— What to work on —
With the line containing "Thằng Tuấn thì" as the start and the line containing "Согласно инструкции на" as the end, transcribe that span of the entries below exactly, including both.

— Data shown —
>>>

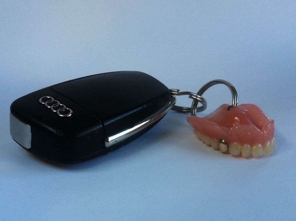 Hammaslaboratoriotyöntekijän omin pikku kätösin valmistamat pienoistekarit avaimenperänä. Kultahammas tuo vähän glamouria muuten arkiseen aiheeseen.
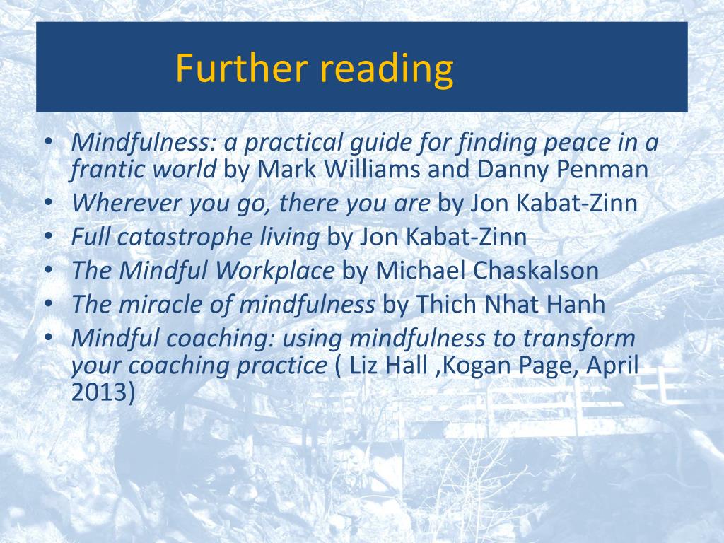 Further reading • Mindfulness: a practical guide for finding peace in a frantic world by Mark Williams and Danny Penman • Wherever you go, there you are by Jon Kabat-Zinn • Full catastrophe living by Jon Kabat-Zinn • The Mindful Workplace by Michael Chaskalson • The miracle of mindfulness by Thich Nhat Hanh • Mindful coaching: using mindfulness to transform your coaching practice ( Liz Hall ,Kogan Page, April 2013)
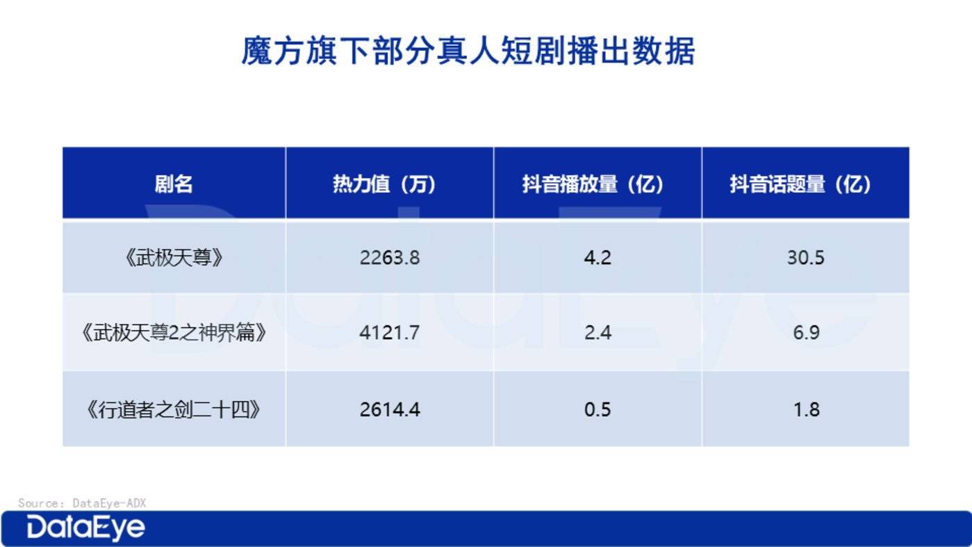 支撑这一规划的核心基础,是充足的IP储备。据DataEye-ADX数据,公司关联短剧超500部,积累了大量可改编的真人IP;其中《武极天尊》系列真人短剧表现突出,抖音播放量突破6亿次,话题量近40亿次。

<<<
>>>

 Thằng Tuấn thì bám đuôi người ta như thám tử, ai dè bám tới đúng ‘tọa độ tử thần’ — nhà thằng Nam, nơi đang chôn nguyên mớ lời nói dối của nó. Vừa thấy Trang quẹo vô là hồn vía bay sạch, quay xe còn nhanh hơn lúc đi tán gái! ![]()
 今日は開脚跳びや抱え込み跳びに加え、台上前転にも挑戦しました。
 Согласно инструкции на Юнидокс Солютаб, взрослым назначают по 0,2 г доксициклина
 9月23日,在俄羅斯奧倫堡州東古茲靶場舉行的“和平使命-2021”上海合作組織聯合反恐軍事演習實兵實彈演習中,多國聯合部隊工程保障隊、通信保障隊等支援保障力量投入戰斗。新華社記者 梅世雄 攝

<<<

— Answer to this problem —
 Thằng Tuấn thì bám đuôi người ta như thám tử, ai dè bám tới đúng ‘tọa độ tử thần’ — nhà thằng Nam, nơi đang chôn nguyên mớ lời nói dối của nó. Vừa thấy Trang quẹo vô là hồn vía bay sạch, quay xe còn nhanh hơn lúc đi tán gái! ![]()
 今日は開脚跳びや抱え込み跳びに加え、台上前転にも挑戦しました。
 Согласно инструкции на Юнидокс Солютаб, взрослым назначают по 0,2 г доксициклина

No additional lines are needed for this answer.